IWAS alias Agus Buntung saat memberikan keterangan kepada wartawan, Senin (2/12)--Lombok Post/ JPG

BELITONGEKSPRES.COM - I Wayan Agus Suartana alias Agus Buntung, seorang penyandang disabilitas yang menjadi tersangka kasus pelecehan seksual fisik, resmi ditahan oleh Kejaksaan Negeri Mataram pada Kamis, 9 Januari. 

Penyerahan Agus dari penyidik Polda Nusa Tenggara Barat (NTB) ke Kejari Mataram menjadi sorotan publik, mengingat statusnya sebagai individu dengan kebutuhan khusus dalam sistem hukum yang sering kali dianggap kurang inklusif.

Proses hukum ini memasuki tahap II dengan penyerahan barang bukti dan tersangka ke pihak kejaksaan. Kepala Kejari Mataram, Ivan Jaka, memastikan bahwa penahanan Agus di Lapas Kelas IIA Lombok Barat telah melalui pertimbangan hukum yang matang, berdasarkan bukti visum, keterangan ahli, serta asesmen dari psikolog forensik dan kriminal.

“Setelah dilakukan gelar perkara, yang bersangkutan akan ditahan di Lapas Kelas IIA Lombok Barat,” ujar Ivan Jaka, seraya menegaskan bahwa penahanan ini telah memenuhi syarat objektif dan subjektif sebagaimana disimpulkan oleh para ahli dari Universitas Gadjah Mada (UGM), Universitas Indonesia (UI), dan Universitas Mataram (Unram).

BACA JUGA:Ahok Diperiksa KPK Sebagai Saksi atas Dugaan Korupsi LNG di Pertamina

BACA JUGA:Menteri Sosial Syaifullah Yusuf Pastikan Kebutuhan Dasar Masyarakat Miskin Tidak Terabaikan

Penahanan Agus di Lapas Kelas IIA Lombok Barat memicu diskusi mengenai kesiapan fasilitas lembaga pemasyarakatan dalam menangani tahanan penyandang disabilitas. 

Kejari Mataram bekerja sama dengan Polda NTB dan Komisi Disabilitas Daerah telah memastikan bahwa lapas tersebut menyediakan fasilitas yang layak, termasuk pendampingan khusus untuk mendukung kebutuhan Agus selama menjalani proses hukum.

Agus sempat menolak ditahan, tetapi pihak kejaksaan menegaskan bahwa langkah ini sudah sesuai dengan Undang-Undang Nomor 12 Tahun 2022 tentang Tindak Pidana Kekerasan Seksual (UU TPKS).

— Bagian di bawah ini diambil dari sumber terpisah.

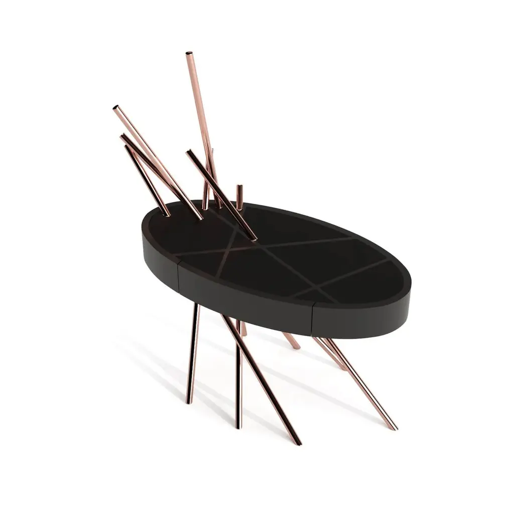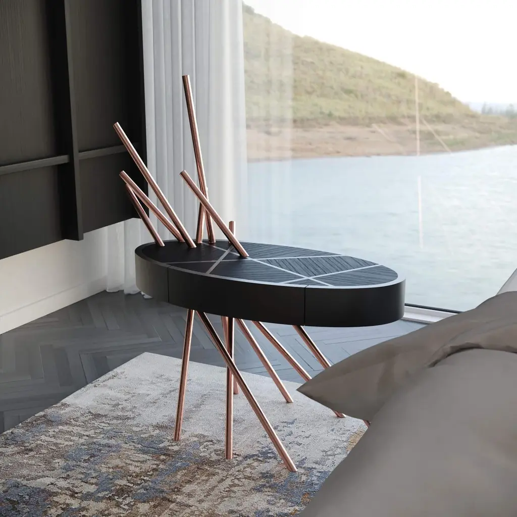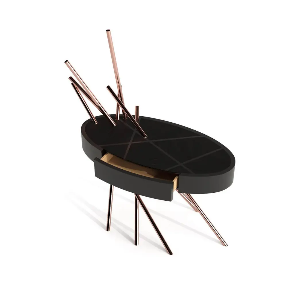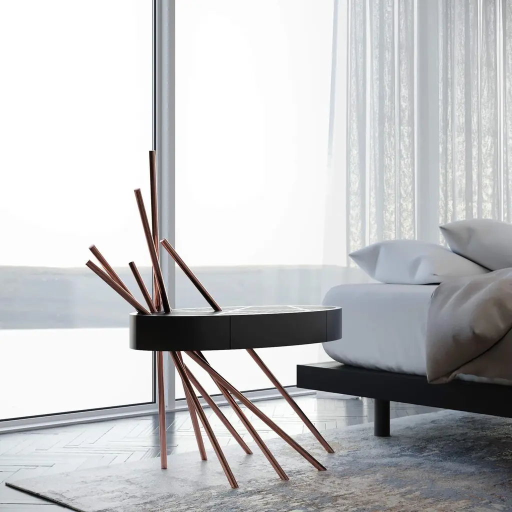 The Mikado Collection is inspired by the game "Pick a Stick" we used to play in childhood. Tubes of thick copper, which remind us of the Mikado sticks game, are cut at precise angles and fitted with great accuracy in the furniture, providing much-needed support. Each tube can hold a flower, making this table even more surprising and unique.Although designed as a bedside table, this piece can also be used as a side table in your living room. Its form is light and fluid, with the tabletop appearing to float over the finely crafted legs. Many consider this piece a work of art, like a sculpture. The listed piece is mastercrafted of carefully selected black oak wood, black lacquered wood, and handmade brushed copper. However, we can also manufacture this table in customised options. Structure: Stainless steel (polished or brushed); brass (polished or brushed); or copper (polished or brushed). The polished or brushed finish is handmade by the author.Tabletop: Another kind of wood (walnut, tineo, ebony macassar, ironwood) or lacquer colour.Custom dimensions are only available after analysis.In all its versions, the bedside table houses a discrete drawer in a different wood veneer, which adds a surprising touch. Assembled piece.You can try this piece in your space using Augmented Reality on your mobile phone (available on our Mikado Collection website).In 2018, it won a "Silver A' Design Award" in the "Furniture, Decorative Items, and Homeware Design" category.This piece is entirely made in Portugal and manufactured artisanally. The author carefully executed or supervised every process step in a small workshop context.Labour of love from Portugal.Designer/Author - Joao Faria/Emotional Objects.Manufacturer - Joao Faria/Emotional Objects.At Emotional Objects, we don't follow trends or fashion. Instead, we create distinct and timeless objects with solid ideas and concepts. Every Emotional Object has a meaningful story behind it. Made to last for generations, we proudly see our objects as future furniture classics that will stand the test of time.Working in Portugal with the best artisans, the distinction between functional and fine art is difficult to find in Joao Faria's work. He uses the finest materials and techniques, but, most importantly, he only makes pieces he would want for himself.Art Furniture, Unique, Tailored, Emotional, Truly Yours.

Ia dijerat Pasal 6 huruf c dan a juncto Pasal 15 ayat (1) huruf e UU TPKS, yang mengatur pemberatan hukuman terhadap pelaku kekerasan seksual.

Kasus ini menjadi ujian bagi sistem hukum Indonesia dalam menangani pelaku yang berasal dari kelompok rentan. Di satu sisi, aparat penegak hukum berkomitmen menegakkan keadilan bagi korban dengan memastikan proses hukum yang transparan dan berdasarkan bukti kuat. 

Di sisi lain, perhatian publik juga tertuju pada bagaimana hak-hak penyandang disabilitas dipenuhi dalam konteks penegakan hukum.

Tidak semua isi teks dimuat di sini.